Rede de clínicas frauda planos de saúde e cobra dívida de beneficiários
Uma prática ilegal conhecida como reembolso assistido tem sido usada por redes de clínicas para fraudar planos de saúde e gerar cobranças indevidas a beneficiários.
O modelo, que deveria facilitar pedidos de reembolso, lesa clientes e operadoras de planos de saúde enviando notas de serviços inexistentes, superfaturados ou procedimentos não realizados.
A rede de clínicas HCMC (Health Care Medical Center), por exemplo, possui 195 reclamações de fraude no Reclame Aqui no intervalo de um ano.
Clientes foram surpreendidos com cobrança de procedimentos feitos há mais de dois anos, apurou o UOL. A justificativa era de que os reembolsos não haviam sido autorizados pelos convênios médicos.
Nenhuma das reclamações deste ano foi respondida ou solucionada. Em 2023, a empresa recebeu 233 reclamações e solucionou 63,8% dos casos.
Presente em vários estados, a HCMC é uma empresa da Premium Group, especializada em procedimentos para emagrecimento e ganho de massa muscular, com faturamento anual próximo a R$ 100 milhões.
Há indícios de lavagem de dinheiro por parte da HCMC, aponta relatório da Abramge (Associação Brasileira de Planos de Saúde) e da ABCF (Associação Brasileira de Combate à Falsificação), que investigaram a rede.
Um inquérito foi aberto pela Polícia Civil contra os donos da empresa, após a ABCF notificar o MP-SP (Ministério Público de São Paulo). Eles foram intimados a depor quatro vezes, mas não atenderam ao chamado.

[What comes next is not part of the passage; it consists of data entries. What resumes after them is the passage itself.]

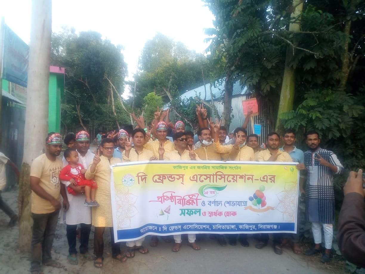 সিরাজগঞ্জের কাজিপুরে দি ফ্রেন্ডস্ এসোসিয়েশন সামাজিক সংগঠন এর ১৫ তম প্রতিষ্ঠা বার্ষিকী পালিত হয়েছে । ২৬ই নভেম্বর এ দিবস উপলক্ষে বাদ জুমা একটি বর্ণাঢ্যশোভাযাত্রা অত্র সংগঠনের কার্যালয় চালিতাডাংগা থেকে শুরু করে চালিতাডাংগা বাজার প্রদক্ষিণ শেষে কার্যালয় চত্বরে এসে সমবেত হয়। উক্ত শোভাযাত্রার অংশ নেন সংগঠনের সভাপতি মোঃ হামিদুর রহমান সবুজ , সাধারণ সম্পাদক শরিফুল ইসলাম, সহসভাপতি কামাল পাশা, সাবেক সভাপতি সাজেদুল করিম স্বপন,সাংগঠনিক সম্পাদক মোতালেব হোসেন সহ সংগঠনের সকল সদস্য বৃন্দ ও এলাকার সুশীল সমাজের এক অংশ। পরে কার্যালয় চত্বরে অত্র প্রতিষ্ঠানের সভাপতি হামিদুর রহমান সবুজের সভাপতিত্বে এক আলোচনা সভায় প্রধান অতিথি হিসেবে বক্তব্য রাখেন উপজেলা চেয়ারম্যান খলিলুর রহমান সিরাজী। এ সময় তিনি বলেন, দি ফ্রেন্ডস্ এসোসিয়েশন সংগঠনটি দীর্ঘদিন ধরে সামাজিক উন্নয়নের পাশাপাশি মেধাবী ও দরিদ্র শিক্ষার্থীদের লেখা পড়ার পথ সুগম করতে প্রতি বছর বিভিন্ন উদ্যোগ গ্রহন তথা আর্থিকভাবে সহযোগিতার হাত বাড়িয়ে দিয়ে দৃষ্টান্ত স্থাপন করেছে।করোনাকালে দরিদ্র পরিবারের পাশে দাঁড়িয়েছেন। এলাকার বিভিন্ন আর্থ- সামাজিক উন্নয়ন ও শিক্ষা ক্ষেত্রে ভুমিকা রাখছে। আমি সংগঠনের উত্তরোত্তর সাফল্য কামনা করছি। অত্র সংগঠনের প্রচার সম্পাদক সেলিম রেজার পরিচালনায় বিশেষ অতিথি হিসেবে বক্তব্য রাখেন চালিতাডাংগা ইউনিয়নের চেয়ারম্যান আতিকুর রহমান মুকুল, অত্র সংগঠনের উপদেষ্টা সদস্য রোকনুজ্জামান মিল্টন, অত্র প্রতিষ্ঠানের উপদেষ্ঠা ও চালিতাডাংগা মোহাম্মদ নাসিম মহিলা ডিগ্রি কলেজের অধ্যক্ষ আলহাজ্ব ফজলুল হক। আরও বক্তব্য রাখেন অত সংগঠনের সাধারণ সম্পাদক শরিফুল ইসলাম, সাবেক সভাপতি সাজেদুল করিম স্বপন, চালিতাডাংগা ইউনিয়ন আঃলীগের সভাপতি আব্দুল মজিদ বাদশা তালুকদার, উপদেষ্টা আব্দুর রাজ্জাক প্রমুখ।এ সময় উপস্থিত ছিলেন অত্রপ্রতিষ্ঠানের উপদেষ্টা সদস্য শফিকুল ইসলাম সাংবাদিক , চালিতাডাংগা ইউনিয়ন আঃলীগের সাংগঠনিক সম্পাদক শাহিন আলম, উপজেলা স্বেচ্ছাসেবক লীগের সাধারণ সম্পাদক আমিনুল ইসলাম সহ অন্যান্য সদস্য বৃন্দ। পরে ১৫ তম প্রতিষ্ঠা বার্ষিকী উপলক্ষে কেক কেটে শুভেচ্ছা জানান ও সংগঠনের উত্তরোত্তর উৎকর্ষ ও উন্নতি কামনা করেন প্রধান অতিথি খলিলুর রহমান সিরাজী।উল্লেখ যে অত্র প্রতিষ্ঠানের প্রধান উপদেষ্টা সিরাজগঞ্জ -১ কাজিপুর সাংসদ প্রকৌশলী তানভীর শাকিল জয় সার্বক্ষনিক প্রতিষ্ঠানটি দেখভাল করছেন।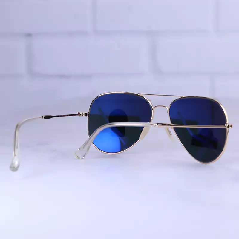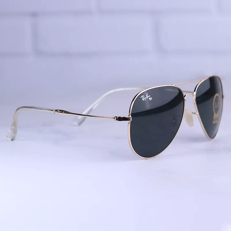 عینک آفتابی ری بن مردانه فلزی طلایی عدسی مشکی RB 3026 F/5 از نظر قیمت در حد متوسط و از نظر کیفیت از بهترین نمونه های عینک “های کپی” است. بدنه عینک از فلز طلایی رنگ ساخته شده که وزن متوسط و مقاومت بالایی دارد. عدسی آن، از نوع شیشه سنگ است (این شیشه از نوعی سنگ بدست آمده است) که به علت ضدخش بودن، برای عینکهای پرکاربرد بسیار مناسب است. سبک بودن جنس فریم و داشتن انعطاف نسبی از دلایل محبوبیت این عینکهاست. عدسی این عینک از نوع یو وی 400 است که از چشم در برابر اشعه خورشید به خوبی مراقبت میکند.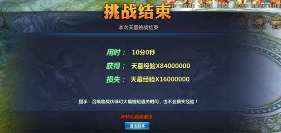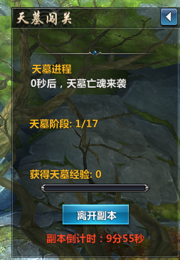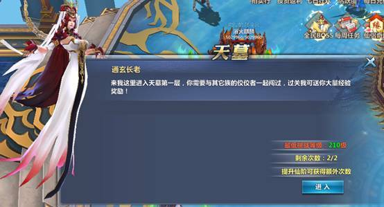 开启方式:角色210级时开启 系统功能:每日有2次进入天墓次数,进入天墓副本可获得大量经验 天墓次数增加:提升仙阶可获得额外进入次数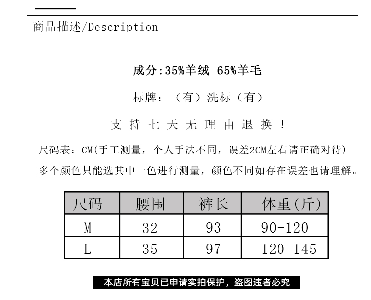 DU版新潮卫裤!显腿长!重磅加厚四平针山羊绒裤子女R22351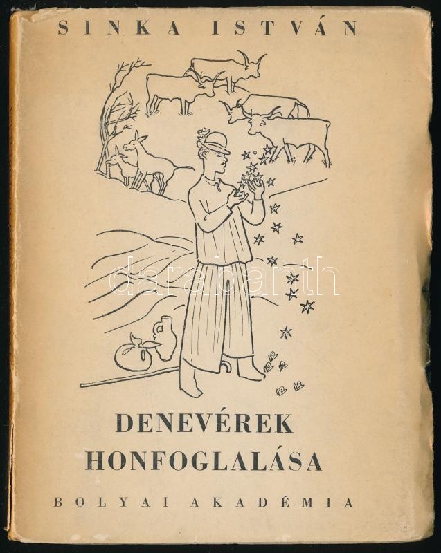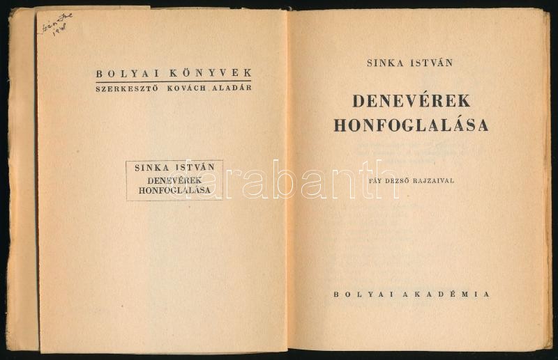Leírás: Sinka István: Denevérek honfoglalása. Bolyai Könyvek. Bp., 1941, Bolyai Akadémia (Pesti Lloyd-ny.) Első kiadás. Fáy Dezső rajzaival illusztrálva. Kiadói papírkötés, kissé sérült, illusztrált kiadói papírborítóban, helyenként kissé sérült lapszélekkel.

A operadora SulAmérica, que calcula ter sido lesada em mais de R$ 27 milhões, disse à reportagem que entrou com ações contra seis CNPJs ligados ao grupo dono da HCMC.
"Prestadores de serviços não referenciados foram objeto de auditoria da SulAmérica, sendo certo que foram descobertas diversas irregularidades nos atendimentos, e, por isso, a seguradora adotou medidas jurídicas cabíveis", afirmou a SulAmérica em nota.
A Amil disse à reportagem que "existem três inquéritos policiais instaurados, a partir de denúncias da operadora, para investigação de práticas indevidas desse prestador".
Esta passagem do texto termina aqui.